The psychological undercurrent of "Try the Love" resides in its exploration of attachment and the human tendency to revisit familiar patterns, even when those patterns have proven painful. The singer acknowledges past mistakes ('We should have quarreled, it's so unwise / To cut yourself loose with only some lies'), hinting at a relationship that ended prematurely due to avoidance and unspoken truths. The 'keeper of the keys' bridge introduces a fascinating element of external validation or perhaps even divine intervention, suggesting that this love was once deemed unsuitable, yet now beckons with irresistible force. This adds a layer of destiny versus free will, questioning whether the pull towards this person is a genuine connection or a self-destructive compulsion.

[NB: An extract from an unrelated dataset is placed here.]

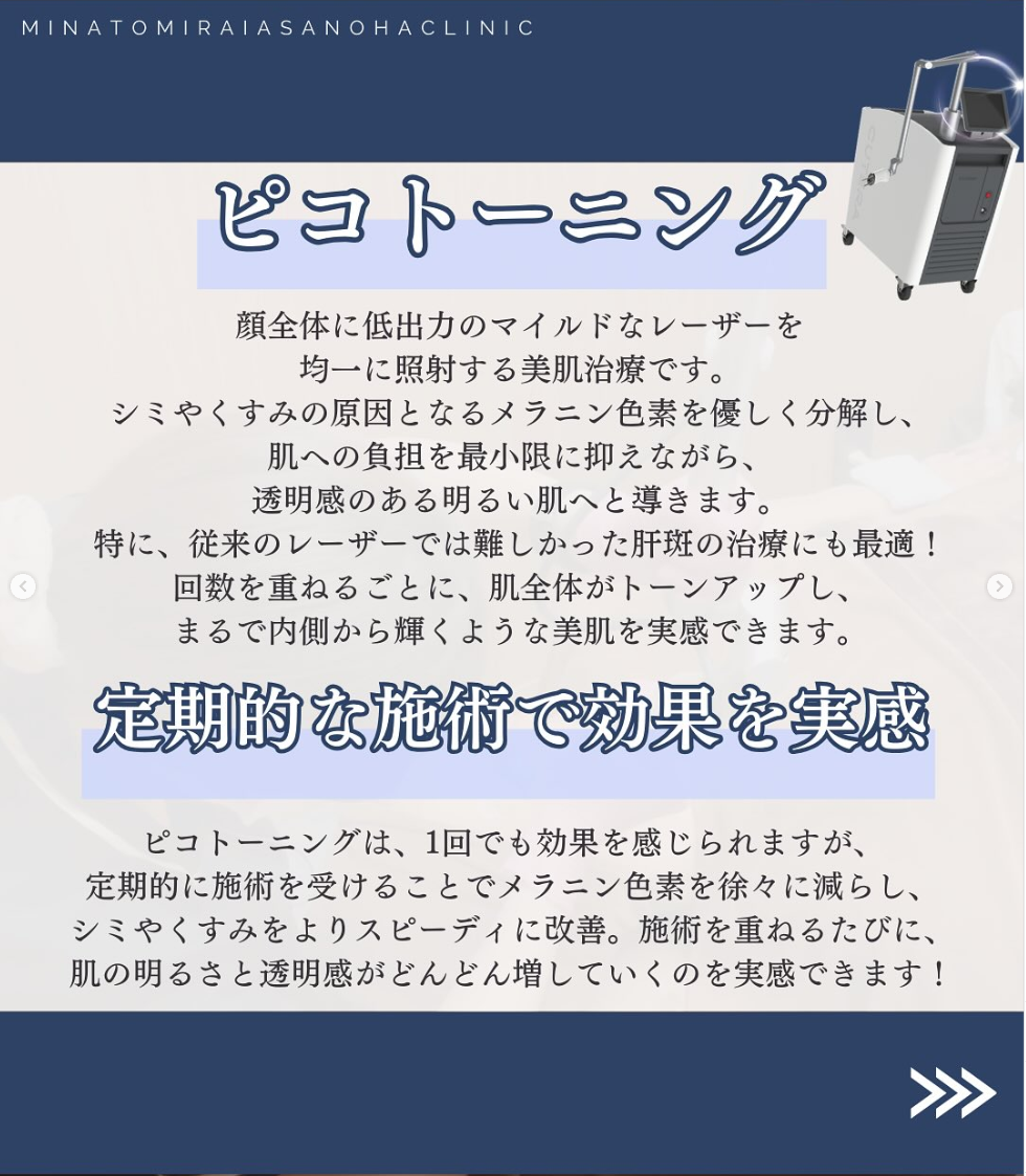 1. ピコトーニング~シミ・くすみ撃退の定番~

The song's brilliance lies in its understated delivery and refusal to romanticize the situation. There's no promise of eternal happiness or easy solutions, only the raw, vulnerable invitation to 'Try the love.' The image of a home with 'so much room that I can't unpack' speaks volumes about the emptiness that pervades the singer's life in the absence of their beloved. It is a spacious loneliness, and this love is offered as a potential antidote. The phrase 'once hidden now seems so alive' suggests a rediscovered passion, maybe a re-evaluation of prior hesitations. Ultimately, the song meaning circles around the courage—or perhaps the folly—of offering oneself up for potential heartbreak once more.